(Exercise data)
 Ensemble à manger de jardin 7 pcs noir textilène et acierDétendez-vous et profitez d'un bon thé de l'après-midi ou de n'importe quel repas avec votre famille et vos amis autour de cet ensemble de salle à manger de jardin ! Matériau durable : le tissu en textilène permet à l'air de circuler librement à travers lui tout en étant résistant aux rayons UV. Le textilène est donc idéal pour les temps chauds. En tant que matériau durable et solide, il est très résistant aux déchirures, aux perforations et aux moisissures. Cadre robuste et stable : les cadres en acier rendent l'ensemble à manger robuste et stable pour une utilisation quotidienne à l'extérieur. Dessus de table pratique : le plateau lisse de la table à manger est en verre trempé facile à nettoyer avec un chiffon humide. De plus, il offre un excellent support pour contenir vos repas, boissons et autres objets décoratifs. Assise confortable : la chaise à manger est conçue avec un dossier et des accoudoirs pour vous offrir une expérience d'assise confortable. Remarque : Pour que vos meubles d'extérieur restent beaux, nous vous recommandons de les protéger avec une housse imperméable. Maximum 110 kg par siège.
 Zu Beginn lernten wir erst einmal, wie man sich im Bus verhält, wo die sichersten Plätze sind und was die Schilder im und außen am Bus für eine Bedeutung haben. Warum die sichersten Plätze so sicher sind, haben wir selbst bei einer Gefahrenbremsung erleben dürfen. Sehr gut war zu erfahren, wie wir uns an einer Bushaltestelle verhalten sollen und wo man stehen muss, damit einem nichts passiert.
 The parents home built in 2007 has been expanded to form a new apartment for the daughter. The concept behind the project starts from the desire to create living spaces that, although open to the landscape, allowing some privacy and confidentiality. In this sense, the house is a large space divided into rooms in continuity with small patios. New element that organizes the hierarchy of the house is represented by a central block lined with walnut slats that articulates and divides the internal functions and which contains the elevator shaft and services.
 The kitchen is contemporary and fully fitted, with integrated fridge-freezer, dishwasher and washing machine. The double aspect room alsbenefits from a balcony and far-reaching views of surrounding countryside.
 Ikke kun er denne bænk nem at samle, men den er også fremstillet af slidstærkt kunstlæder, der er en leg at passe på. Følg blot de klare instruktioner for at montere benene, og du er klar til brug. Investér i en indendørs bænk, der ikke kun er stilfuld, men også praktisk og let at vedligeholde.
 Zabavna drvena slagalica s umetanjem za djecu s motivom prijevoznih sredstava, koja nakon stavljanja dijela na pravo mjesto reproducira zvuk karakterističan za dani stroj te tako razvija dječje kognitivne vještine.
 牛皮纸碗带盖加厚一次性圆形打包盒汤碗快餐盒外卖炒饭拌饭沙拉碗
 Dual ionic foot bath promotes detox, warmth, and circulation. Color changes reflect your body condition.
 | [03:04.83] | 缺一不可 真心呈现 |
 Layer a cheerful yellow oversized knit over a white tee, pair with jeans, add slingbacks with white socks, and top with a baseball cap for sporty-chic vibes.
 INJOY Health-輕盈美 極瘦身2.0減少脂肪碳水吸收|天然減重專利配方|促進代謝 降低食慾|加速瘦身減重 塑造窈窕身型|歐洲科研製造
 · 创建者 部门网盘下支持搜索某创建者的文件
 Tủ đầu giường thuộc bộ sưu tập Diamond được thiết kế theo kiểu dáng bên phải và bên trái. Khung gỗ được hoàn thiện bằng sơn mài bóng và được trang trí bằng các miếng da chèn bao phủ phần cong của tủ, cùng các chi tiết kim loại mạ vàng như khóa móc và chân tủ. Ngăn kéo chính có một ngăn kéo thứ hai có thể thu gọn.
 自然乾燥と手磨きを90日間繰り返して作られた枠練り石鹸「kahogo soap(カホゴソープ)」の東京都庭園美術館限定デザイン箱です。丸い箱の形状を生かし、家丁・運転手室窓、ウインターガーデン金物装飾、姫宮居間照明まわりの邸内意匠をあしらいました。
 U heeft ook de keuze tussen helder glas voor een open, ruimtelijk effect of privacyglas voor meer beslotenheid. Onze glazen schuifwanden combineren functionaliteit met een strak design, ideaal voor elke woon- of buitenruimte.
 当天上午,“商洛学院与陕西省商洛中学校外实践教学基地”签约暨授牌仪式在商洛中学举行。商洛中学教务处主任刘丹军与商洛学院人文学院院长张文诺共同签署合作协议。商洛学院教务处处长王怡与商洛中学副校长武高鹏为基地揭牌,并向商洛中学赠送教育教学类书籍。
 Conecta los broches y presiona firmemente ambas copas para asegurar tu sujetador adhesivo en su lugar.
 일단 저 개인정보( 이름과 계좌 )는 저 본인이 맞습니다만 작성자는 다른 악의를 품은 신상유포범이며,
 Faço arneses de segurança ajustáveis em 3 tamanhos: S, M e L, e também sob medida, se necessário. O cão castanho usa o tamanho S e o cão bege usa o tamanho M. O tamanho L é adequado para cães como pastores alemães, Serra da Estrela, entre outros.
(End Exercise data)
**Problem to solve:** All the records above need to be printed exactly.

**Result of the exercise:**
 Ensemble à manger de jardin 7 pcs noir textilène et acierDétendez-vous et profitez d'un bon thé de l'après-midi ou de n'importe quel repas avec votre famille et vos amis autour de cet ensemble de salle à manger de jardin ! Matériau durable : le tissu en textilène permet à l'air de circuler librement à travers lui tout en étant résistant aux rayons UV. Le textilène est donc idéal pour les temps chauds. En tant que matériau durable et solide, il est très résistant aux déchirures, aux perforations et aux moisissures. Cadre robuste et stable : les cadres en acier rendent l'ensemble à manger robuste et stable pour une utilisation quotidienne à l'extérieur. Dessus de table pratique : le plateau lisse de la table à manger est en verre trempé facile à nettoyer avec un chiffon humide. De plus, il offre un excellent support pour contenir vos repas, boissons et autres objets décoratifs. Assise confortable : la chaise à manger est conçue avec un dossier et des accoudoirs pour vous offrir une expérience d'assise confortable. Remarque : Pour que vos meubles d'extérieur restent beaux, nous vous recommandons de les protéger avec une housse imperméable. Maximum 110 kg par siège.
 Zu Beginn lernten wir erst einmal, wie man sich im Bus verhält, wo die sichersten Plätze sind und was die Schilder im und außen am Bus für eine Bedeutung haben. Warum die sichersten Plätze so sicher sind, haben wir selbst bei einer Gefahrenbremsung erleben dürfen. Sehr gut war zu erfahren, wie wir uns an einer Bushaltestelle verhalten sollen und wo man stehen muss, damit einem nichts passiert.
 The parents home built in 2007 has been expanded to form a new apartment for the daughter. The concept behind the project starts from the desire to create living spaces that, although open to the landscape, allowing some privacy and confidentiality. In this sense, the house is a large space divided into rooms in continuity with small patios. New element that organizes the hierarchy of the house is represented by a central block lined with walnut slats that articulates and divides the internal functions and which contains the elevator shaft and services.
 The kitchen is contemporary and fully fitted, with integrated fridge-freezer, dishwasher and washing machine. The double aspect room alsbenefits from a balcony and far-reaching views of surrounding countryside.
 Ikke kun er denne bænk nem at samle, men den er også fremstillet af slidstærkt kunstlæder, der er en leg at passe på. Følg blot de klare instruktioner for at montere benene, og du er klar til brug. Investér i en indendørs bænk, der ikke kun er stilfuld, men også praktisk og let at vedligeholde.
 Zabavna drvena slagalica s umetanjem za djecu s motivom prijevoznih sredstava, koja nakon stavljanja dijela na pravo mjesto reproducira zvuk karakterističan za dani stroj te tako razvija dječje kognitivne vještine.
 牛皮纸碗带盖加厚一次性圆形打包盒汤碗快餐盒外卖炒饭拌饭沙拉碗
 Dual ionic foot bath promotes detox, warmth, and circulation. Color changes reflect your body condition.
 | [03:04.83] | 缺一不可 真心呈现 |
 Layer a cheerful yellow oversized knit over a white tee, pair with jeans, add slingbacks with white socks, and top with a baseball cap for sporty-chic vibes.
 INJOY Health-輕盈美 極瘦身2.0減少脂肪碳水吸收|天然減重專利配方|促進代謝 降低食慾|加速瘦身減重 塑造窈窕身型|歐洲科研製造
 · 创建者 部门网盘下支持搜索某创建者的文件
 Tủ đầu giường thuộc bộ sưu tập Diamond được thiết kế theo kiểu dáng bên phải và bên trái. Khung gỗ được hoàn thiện bằng sơn mài bóng và được trang trí bằng các miếng da chèn bao phủ phần cong của tủ, cùng các chi tiết kim loại mạ vàng như khóa móc và chân tủ. Ngăn kéo chính có một ngăn kéo thứ hai có thể thu gọn.
 自然乾燥と手磨きを90日間繰り返して作られた枠練り石鹸「kahogo soap(カホゴソープ)」の東京都庭園美術館限定デザイン箱です。丸い箱の形状を生かし、家丁・運転手室窓、ウインターガーデン金物装飾、姫宮居間照明まわりの邸内意匠をあしらいました。
 U heeft ook de keuze tussen helder glas voor een open, ruimtelijk effect of privacyglas voor meer beslotenheid. Onze glazen schuifwanden combineren functionaliteit met een strak design, ideaal voor elke woon- of buitenruimte.
 当天上午,“商洛学院与陕西省商洛中学校外实践教学基地”签约暨授牌仪式在商洛中学举行。商洛中学教务处主任刘丹军与商洛学院人文学院院长张文诺共同签署合作协议。商洛学院教务处处长王怡与商洛中学副校长武高鹏为基地揭牌,并向商洛中学赠送教育教学类书籍。
 Conecta los broches y presiona firmemente ambas copas para asegurar tu sujetador adhesivo en su lugar.
 일단 저 개인정보( 이름과 계좌 )는 저 본인이 맞습니다만 작성자는 다른 악의를 품은 신상유포범이며,
 Faço arneses de segurança ajustáveis em 3 tamanhos: S, M e L, e também sob medida, se necessário. O cão castanho usa o tamanho S e o cão bege usa o tamanho M. O tamanho L é adequado para cães como pastores alemães, Serra da Estrela, entre outros.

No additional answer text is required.